Take the data below and copy exactly the lines starting at the one with "山頂でビリーブを熱唱し、お昼のカレーの材料、お肉カードをゲット!" and finishing at the one with "Halef dizisinde Biran", both included.

# The data:

◆ ◆ ◆ ◆ ◆

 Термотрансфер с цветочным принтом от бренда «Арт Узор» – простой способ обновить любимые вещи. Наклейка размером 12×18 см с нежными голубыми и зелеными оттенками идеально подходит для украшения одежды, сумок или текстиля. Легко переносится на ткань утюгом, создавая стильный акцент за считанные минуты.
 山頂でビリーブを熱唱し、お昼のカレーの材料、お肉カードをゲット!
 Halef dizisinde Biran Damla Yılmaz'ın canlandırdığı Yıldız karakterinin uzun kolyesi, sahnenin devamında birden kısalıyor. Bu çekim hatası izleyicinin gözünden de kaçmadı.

◆ ◆ ◆ ◆ ◆

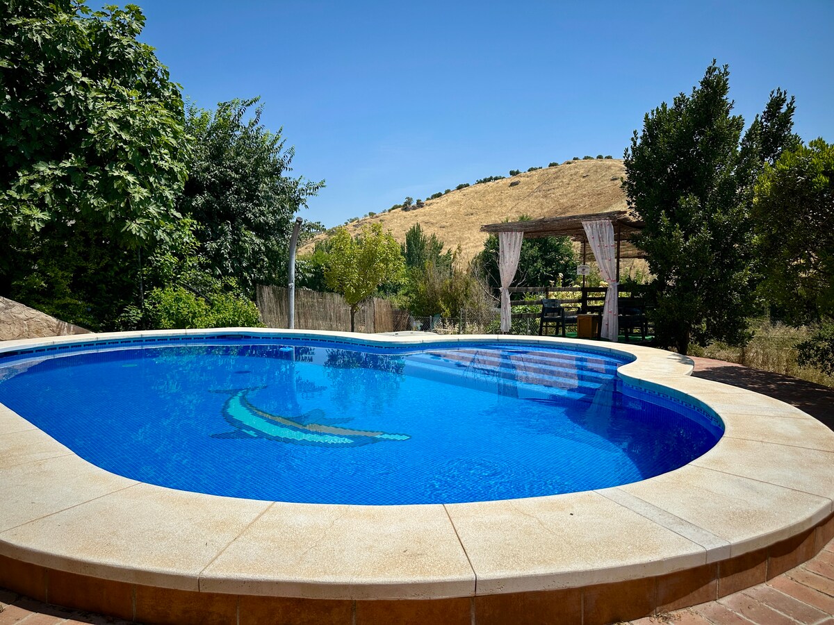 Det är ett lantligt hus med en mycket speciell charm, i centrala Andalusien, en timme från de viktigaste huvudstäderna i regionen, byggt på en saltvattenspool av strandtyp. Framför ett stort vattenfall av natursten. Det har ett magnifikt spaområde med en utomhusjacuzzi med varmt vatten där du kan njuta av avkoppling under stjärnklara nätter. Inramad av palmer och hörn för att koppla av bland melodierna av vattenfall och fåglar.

◆ ◆ ◆ ◆ ◆

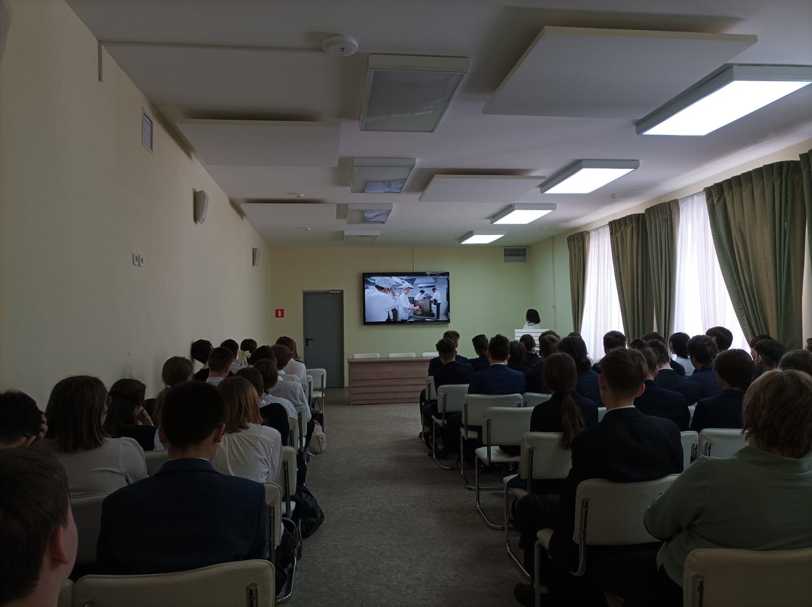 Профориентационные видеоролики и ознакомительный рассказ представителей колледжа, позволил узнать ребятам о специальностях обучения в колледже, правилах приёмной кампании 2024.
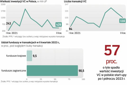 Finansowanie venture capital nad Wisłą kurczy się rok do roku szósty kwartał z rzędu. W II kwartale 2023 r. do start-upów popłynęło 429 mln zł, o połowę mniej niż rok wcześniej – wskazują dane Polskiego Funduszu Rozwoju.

◆ ◆ ◆ ◆ ◆

# Worked solution:
 山頂でビリーブを熱唱し、お昼のカレーの材料、お肉カードをゲット!
 Halef dizisinde Biran Damla Yılmaz'ın canlandırdığı Yıldız karakterinin uzun kolyesi, sahnenin devamında birden kısalıyor. Bu çekim hatası izleyicinin gözünden de kaçmadı.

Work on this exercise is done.